REGIONALREPORT Charlotte
New incubator aims to charge energy sector
The Charlotte energy sector, which President Barack Obama has repeatedly praised, features such behemoths as Duke Energy Corp. and Siemens Energy Inc., a subsidiary of Germany-based Siemens AG. But economic-development officials are quick to admit its biggest flaw: a lack of startups. “It’s one of those areas that we’re probably a little more challenged in,” says David Swenson, senior vice president of Charlotte Regional Partnership. CLT Joules, the first energy-specific business incubator in the Queen City, hopes to change that.
The nonprofit will open its doors in April, providing discounted office space at Packard Place — a for-profit, nonindustry-specific incubator in downtown Charlotte — and a 12- to 24-month business-management program for startups or companies that generate less than $1 million of revenue. Co-founder Curtis Watkins, a project manager in Charlotte-based Duke Energy’s global-technology department, hesitates to discuss requirements but says, as an example, tenants won’t be solar-panel installers; they’ll be designing better solar panels.
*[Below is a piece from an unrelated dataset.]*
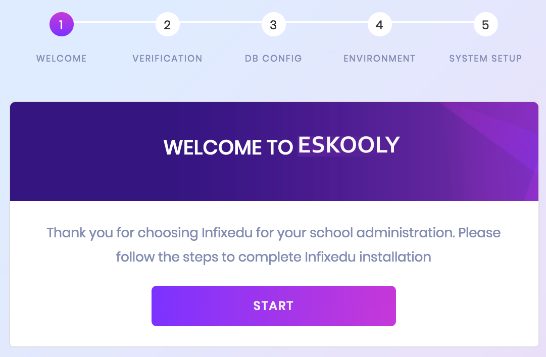 - Use your browser to eSkooly install Script . Type in browser your application location followed by /install. and hit Start Installation

Three startups have committed to it, though Watkins won’t reveal their names until they move in. An all-volunteer board of directors, which includes Watkins, a City Council member, the chief operating officer of a Virginia-based smart-grid company, a lawyer and an accountant, will mentor them.
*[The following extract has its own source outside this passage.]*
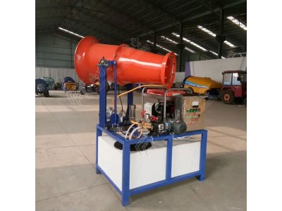 汽油炮雾机整机结构紧凑,自带水罐,移动方便。出厂时全部调试完哔,购买后无需复杂安装,加水接电即可使用,简单方便。上部是风机风筒和喷雾喷头,下部是高压泵、水箱和控制系统,合理放置在钢材焊接的主体框架内,下部是轮胎。雾炮工作时高压泵将水加压通过风筒前部的喷雾喷头雾化,风机风筒出风将水雾扩散到需要扬尘控制的区域,使水雾与粉尘颗粒充分接触、碰撞、结合变成大颗粒团聚从而自然沉降,达到去除扬尘、洁净空气稀释有害气体、降温等多重功效。

Watkins came up with the idea two years ago. “I had been doing some research around what other cities with large energy industries had been doing. One of the things that stood out was they all had something to attract entrepreneurs and innovators.” He approached Dan Roselli, owner of Packard Place, who donated 15,000 of the building’s 90,000 square feet of office space. When CLT Joules is more financially stable — it hopes to get most of its funding from corporate donations — it will pay rent.
$3 million to $4 million
Briefs
KINGS MOUNTAIN — Fort Smith, Ark.-based Baldor Electric, maker of industrial electric motors, will invest $17 million in its plant here and add 166 jobs to its 485 to help the company meet demand for wind-powered technology. The average annual wage is expected to exceed Cleveland County’s average of $32,344, though the company did not specify an amount.
STATESVILLE — Drinkable yogurt and fruit-shake maker Origin Food Group hired about 25 workers for its new $7 million processing plant here. The company plans to double that number by 2014.
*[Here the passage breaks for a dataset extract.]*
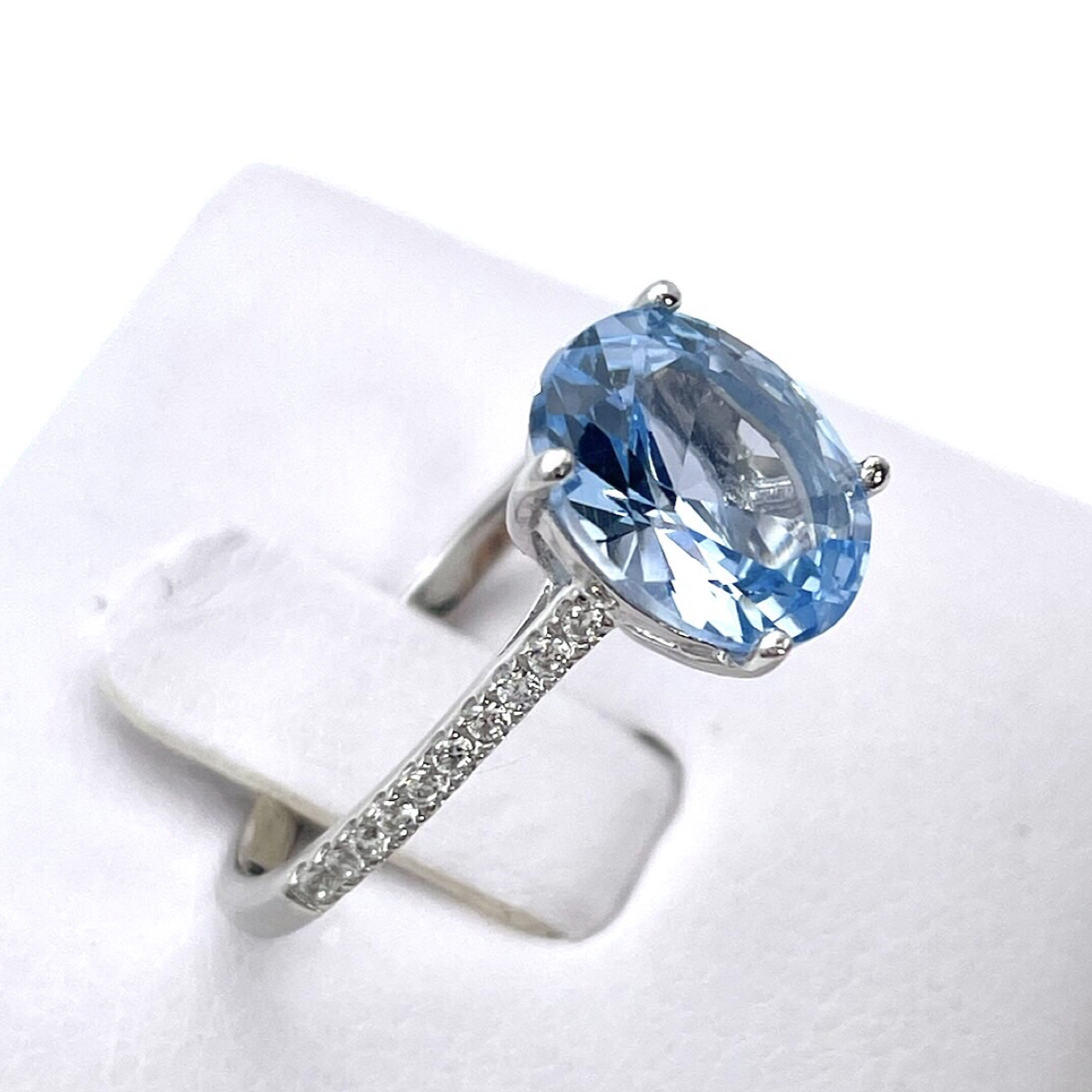 Це кільце є ідеальним втіленням незмінної краси та яскравого акценту кольору. Чи то особлива подія, чи просто бажання додати яскравості до вашого щоденного образу, срібне кільце з овальним огранюванням і синім кристалом стане ідеальним вибором.

CHARLOTTE — Axum Capital Partners, a private-equity firm co-founded by former Carolina Panther Muhsin Muhammad II, acquired a controlling interest in Mount Pleasant, S.C.-based Wild Wing Cafe, a sports-bar chain with 11 corporate-owned and 21 franchise restaurants. The chain employs 2,400 workers, with 500 in North Carolina. Axum co-founder Edna Morris, a former president of Red Lobster, will be interim CEO. Terms of the deal were not disclosed.
CHARLOTTE — Southwest Airlines announced it will fly out of Charlotte Douglas International Airport after purchasing AirTran, which already operates flights here. The Dallas-based airline did not announce a date for picking up the flights.
CHARLOTTE — Mint Museum hired Toni L. Freeman to the new position of chief operating officer. She previously was director of donor and business relations at Mecklenburg Citizens for Public Education.
SALISBURY — Belgian grocery-store chain Delhaize Group, which operates the Food Lion, Bloom and Bottom Dollar stores, closed 126 stores and retired the Bloom label. Only four North Carolina stores, each employing 35 to 40 workers, were shuttered. No jobs were lost at the Food Lion headquarters in Salisbury.